Can you think of a way to cleanly separate progress-tracking code and functional code? (Can there be a progress-tracking decorator or something?)
It seems like this code would benefit from the null object pattern.
# a progress bar that uses ProgressMeter
class RealProgressBar:
pm = Nothing
def setMaximum(self, max):
pm = progress.ProgressMeter(total=max)
pc = 0
def progress(self):
pc += 1
if pc % 100 = 0:
pm.update(pc)
# a fake progress bar that does nothing
class NoProgressBar:
def setMaximum(self, max):
pass
def progress(self):
pass
# Iterate with a given progress bar
def bigIteration(collection, progressBar=NoProgressBar()):
progressBar.setMaximum(len(collection))
for element in collection:
progressBar.progress()
doWork(element)
bigIteration(collection, RealProgressBar())
(Pardon my French, er, Python, it's not my native language ;) Hope you get the idea, though.)
This lets you move the progress update logic from the loop, but you still have some progress related calls in there.
You can remove this part if you create a generator from the collection that automatically tracks progress as you iterate it.
# turn a collection into one that shows progress when iterated
def withProgress(collection, progressBar=NoProgressBar()):
progressBar.setMaximum(len(collection))
for element in collection:
progressBar.progress();
yield element
# simple iteration function
def bigIteration(collection):
for element in collection:
doWork(element)
# let's iterate with progress reports
bigIteration(withProgress(collection, RealProgressBar()))
This approach leaves your bigIteration function as is and is highly composable.

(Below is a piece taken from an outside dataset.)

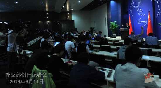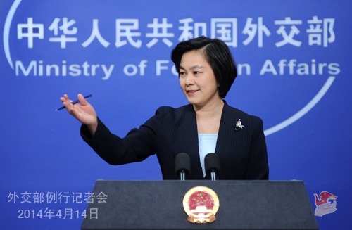 2014年4月14日,外交部發(fā)言人華春瑩主持例行記者會。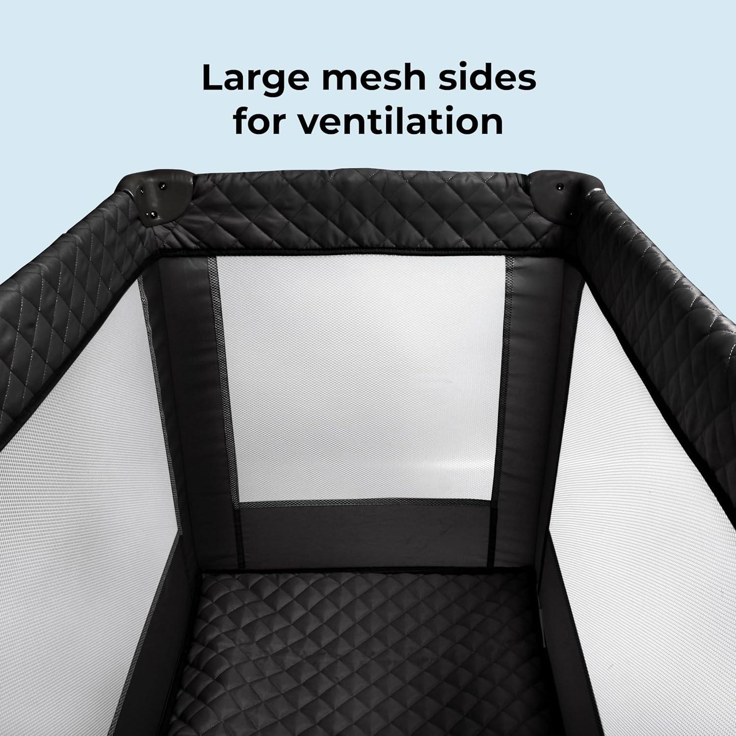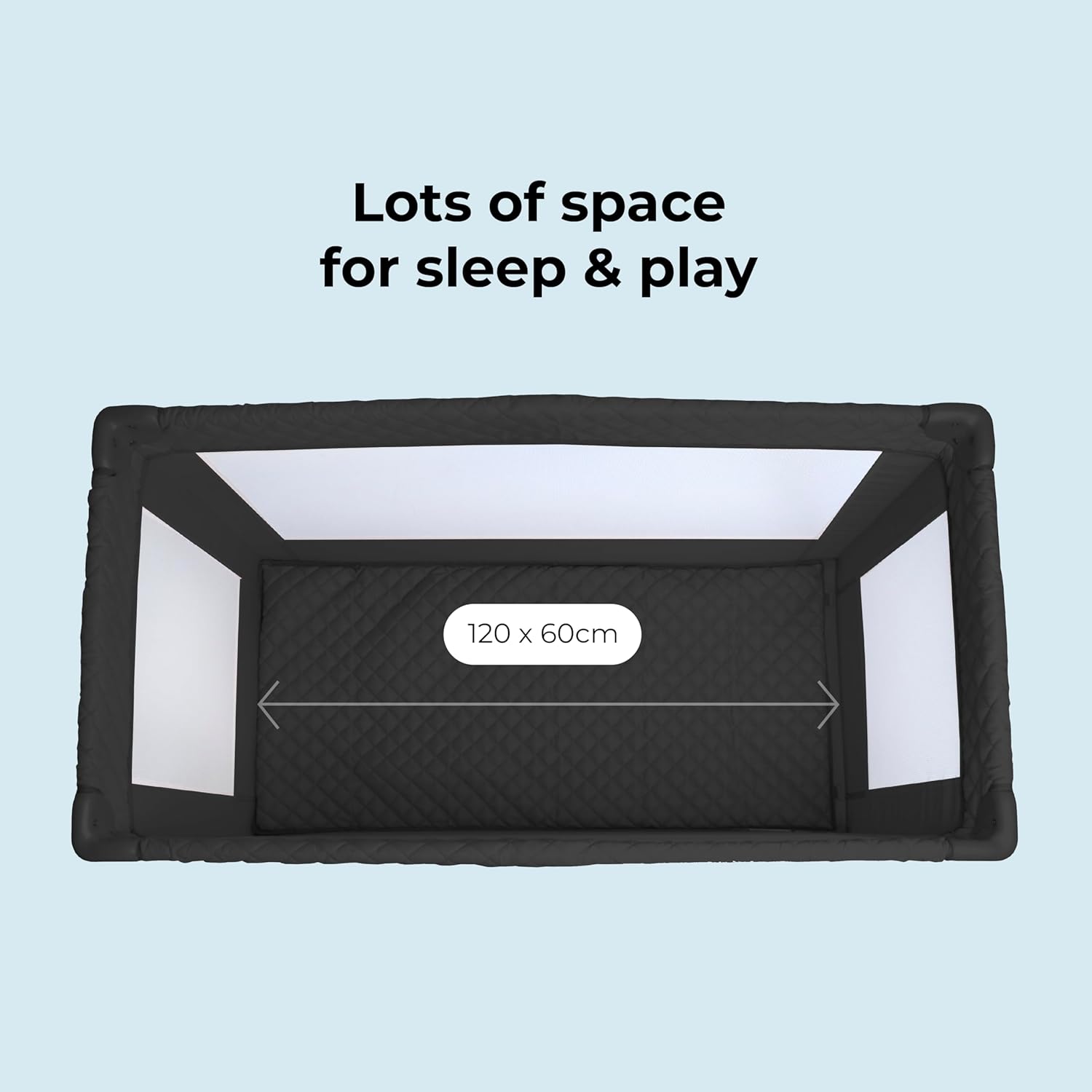 Comfy padded mattress base included Stylish quilted black fabrics Perfect for holidays and overnight stays Also makes a great play pen

For example, let's say you also want to add cancellation this big iteration of yours. Just create another generator that happens to be cancellable.
# highly simplified cancellation token
# probably needs synchronization
class CancellationToken:
cancelled = False
def isCancelled(self):
return cancelled
def cancel(self):
cancelled = True
# iterates a collection with cancellation support
def withCancellation(collection, cancelToken):
for element in collection:
if cancelToken.isCancelled():
break
yield element
progressCollection = withProgress(collection, RealProgressBar())
cancellableCollection = withCancellation(progressCollection, cancelToken)
bigIteration(cancellableCollection)
# meanwhile, on another thread...
cancelToken.cancel()
You could rewrite bigIteration as a generator function as follows:
def bigIteration(collection):
for element in collection:
doWork(element)
yield element
Then, you could do a great deal outside of this:
def mycollection = [1,2,3]
if progressBar:
pm = progress.ProgressMeter(total=len(collection))
pc = 0
for item in bigIteration(mycollection):
pc += 1
if pc % 100 = 0:
pm.update(pc)
else:
for item in bigIteration(mycollection):
pass
My approach would be like that:
The looping code yields the progress percentage whenever it changes (or whenever it wants to report it). The progress-tracking code then reads from the generator until it's empty; updating the progress bar after every read.
However, this also has some disadvantages:
You need a function to call it without a progress bar as you still need to read from the generator until it's empty.
You cannot easily return a value at the end. A solution would be wrapping the return value though so the progress method can determine if the function yielded a progress update or a return value. Actually, it might be nicer to wrap the progress update so the regular return value can be yielded unwrapped - but that'd require much more wrapping since it would need to be done for every progress update instead just once.